Take each line from the entries that holds "Pumpa" and copy it out.
BEGIN Recorded data
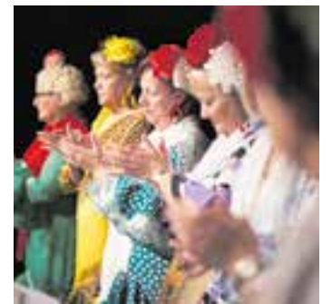
Aires Rocieros Castellarencs. || Q. P.

L'acte tindrà lloc a les 17.30 h i és obert a tota l'assistència, si bé cal trucar al telèfon 937148739 o al mòbil 669770954 per a fer la reserva. † || REDACCIÓ
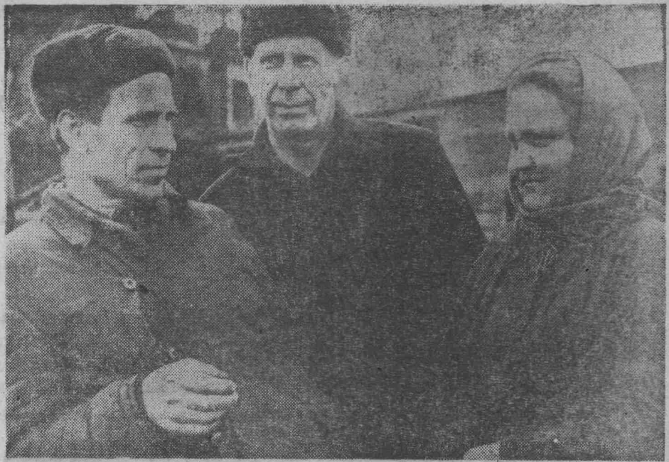
Химический участок завода полукоксования в предсъездовском соревновании добился лучших результатов в труде. Этот коллектив достойно продолжает нести вахту в дни работы партийного съезда. Рабочие и ИТР участка наращивают выпуск сверхплановой продукции.
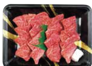
23. 神戸ビーフ 焼肉

税込 10,800円 (本体価格 10,000円) 神戸ビーフすき焼(肩ロース)300g / 賞味期限: 冷凍30日 / 牛肉(兵庫県産) / 【牛肉】 ※冷凍便にてお届け
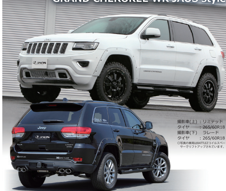
撮影車(上): リミテッド タイヤ: 265/60R18 撮影車(下): ラレード タイヤ: 265/60R18 ○写真の車両はBATTLEZコイルスパーサーでリフトアップされています。
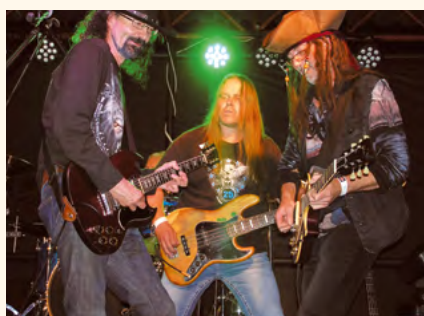
Pumpa – legenda české rockové scény – rok narození 1981.

už po zaznění prvních akordů. Zlatým hřebem večera, ba dokonce snad i letošního rockového léta byla kapela Pumpa, která působí na naší hudební scéně už od roku 1981 a byla vybrána posluchači rádia Beat jako předkapela skupiny AC/DC v pražských Letňanech. To je znát jak na jejich fanouškovské základně, která se k nám díky tomu stáhla z širokého okolí, tak i na úrovni hraní. Již při prvních tónech nám bylo jasné, že půjde o výjimečné vystoupení.
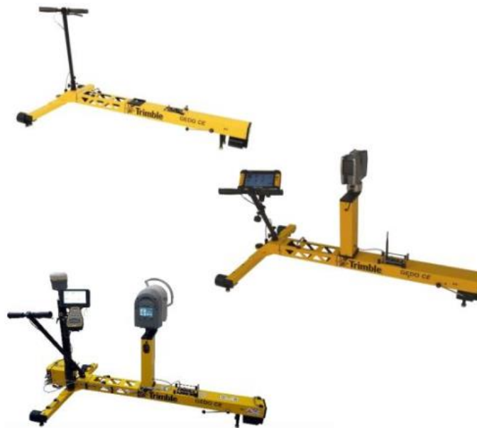
Рис. 3.5 – Обладнання Trimble GEDO

Система Trimble GEDO є одним із найсучасніших та найефективніших рішень для геодезичного супроводу при будівництві, модернізації та експлуатації залізничної інфраструктури. Завдяки поєднанню високоточного вимірювального обладнання, спеціалізованого програмного забезпечення та повної інтеграції з будівельними й ремонтними процесами, ця система демонструє суттєві переваги в порівнянні з традиційними методами [22,23].
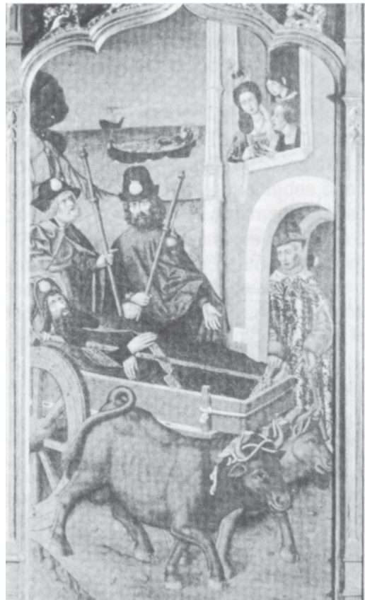
Fig. 7. Traslación del Cuerpo de Santiago. Anónimo (Museo del Prado).
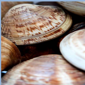
La Vongola di Goro
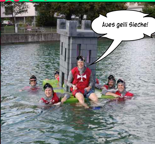
Aues geili Sieche!
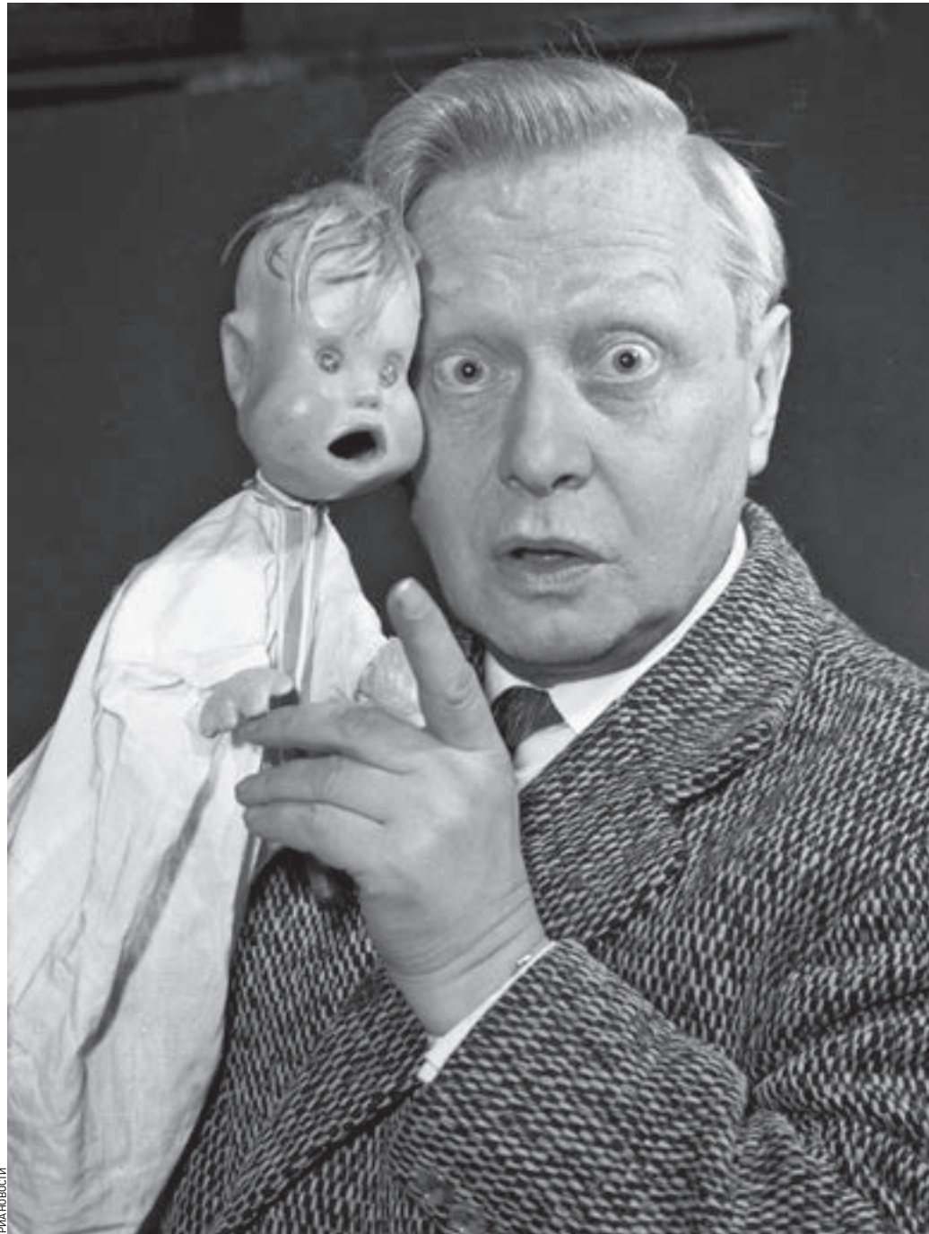
28 сентября 1955 года. Народный артист СССР, главный режиссер Государственного центрального театра кукол Сергей Образцов со своей любимой куклой Тяпой

ЮБИЛЕЙ Сегодня исполняется 115 лет мастеру кукол Сергею Образцову. Он был не только великим кукольным театром, известным на весь мир. Спектакль «Необыкновенный концерт» внесен в Книгу рекордов Гиннеса как самый посещаемый.
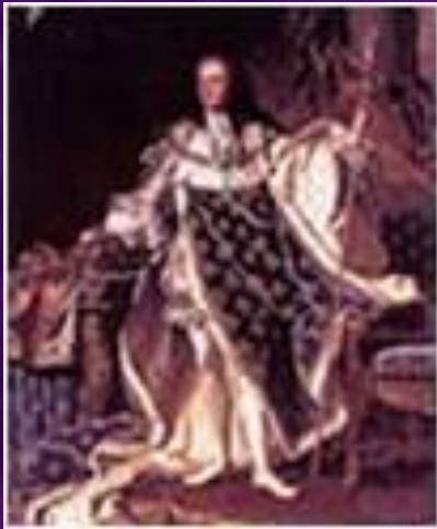
Французский король Людовик XV

Абсолютизм – форма правления, при которой власть принадлежит одному лицу – монарху.
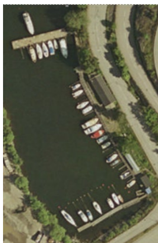
Flygbild från år 2005.

Flygbilderna visar att viken har använts som småbåtshamn sedan mer än tio år tillbaka. Sökande har uppgett och flygbilderna visar att småbåtshamnen har mellan maj 2015 och maj 2016 utökats i storlek och omfattning. Utökningen består av att det har tillkommit två nya bryggor och bryggan som var placerad längst ut i viken har flyttats in och försetts med fler båtplatser än den tidigare hade. Miljö- och stadsbyggnadsnämnden bedömer att dessa åtgärder sammantaget bedöms vara en sådan väsentlig ändring som medför att bygglov krävs. När dessa ändringar gjordes fanns det inte något bygglov. Det är inte tillräckligt att man har ansökt om bygglov utan det krävs att bygglov och startbesked beviljas innan man påbörjar de lovpliktiga åtgärderna. Det är den som bygger som har ansvaret för att lov finns. Detta innebär att det har skett en överträdelse av plan- och bygglagen. Eftersom rättelse inte har gjorts ska en byggsanktionsavgift tas ut.
END Recorded data
Exercise solution
Pumpa – legenda české rockové scény – rok narození 1981.
už po zaznění prvních akordů. Zlatým hřebem večera, ba dokonce snad i letošního rockového léta byla kapela Pumpa, která působí na naší hudební scéně už od roku 1981 a byla vybrána posluchači rádia Beat jako předkapela skupiny AC/DC v pražských Letňanech. To je znát jak na jejich fanouškovské základně, která se k nám díky tomu stáhla z širokého okolí, tak i na úrovni hraní. Již při prvních tónech nám bylo jasné, že půjde o výjimečné vystoupení.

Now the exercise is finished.